In particular, the team focused on analyzing small plant pollen (pollen grains) preserved in marine sediment cores. Rivers and wind transport small pollen grains from adjacent land to the sea, where they settle in deep waters. By analyzing thousands of accumulated pollen components, regional vegetation and climate can be inferred. For example, temperate forest pollen serves as evidence of a warm climate. Alongside this, organic compounds left by small seaweeds were also analyzed. These organic compounds vary in their degree of unsaturation depending on water temperature, allowing inference of sea temperature changes through analysis.

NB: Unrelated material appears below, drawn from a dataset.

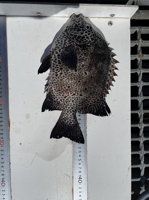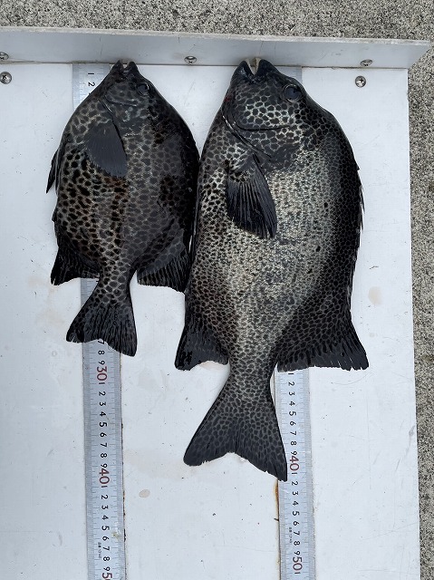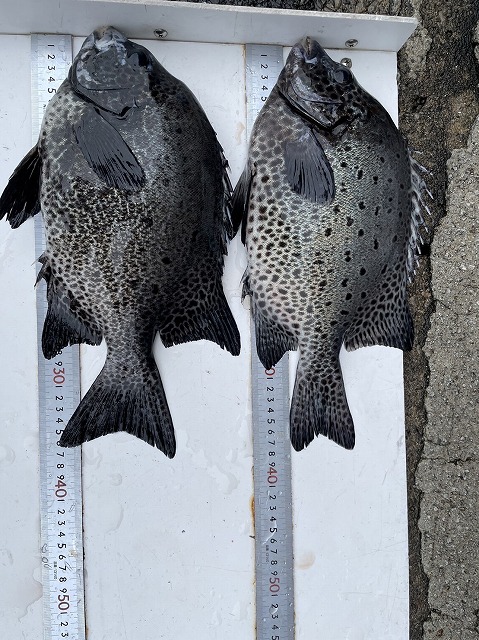 【釣り人】東大阪市 田中良明さん 【釣 果】イシガキ 29cm~42cm 2匹【釣り方】底物釣り 【水 温】度 【海 上】高波 【 潮 】下り・速い -

During this process, the team discovered that the sea temperature near the eastern North Atlantic, which was about 20°C approximately 1.127 million years ago, dropped to 7°C. This serves as evidence of the ‘terminal site’ phenomenon observed at the end of glacial periods. The researchers analyzed that the rapid cooling of the North Atlantic transformed the vegetation in southern and western Europe into a semi-desert environment (similar to a desert but with higher precipitation), unsuitable for early human habitation. The terminal site phenomenon lasted about 4,000 years.


Subsequently, to quantitatively understand how early humans responded to rapid climate change, the team conducted another climate simulation for the terminal site period. Rapid short-term climate changes mainly occur due to sudden expansions and retreats of ice sheets. Considering this, they refined existing climate model experiments by adding freshwater generated from the sudden collapse of European ice sheets into the North Atlantic, enabling a more precise simulation of the terminal site phenomenon. The results conservatively estimated that human habitat suitability decreased by about 50%.


This study is the first to link fossil and archaeological evidence with climate data to identify environmental conditions suitable for Homo erectus habitation. The researchers concluded that during the terminal site period, Homo erectus could not survive in many parts of Southern Europe. Later, around 900,000 years ago, the European population increased again, driven by the Homo antecessor group, which was better adapted to the intensified glacial conditions.


Axel Timmermann, the group leader, stated, “Temperature changes in the North Atlantic closely affect vegetation and human food resources in Southern Europe,” adding, “This study will add another line of evidence that human history was shaped by past climate changes.”


The research results were published in the international academic journal Science (IF 56.9) on the same day.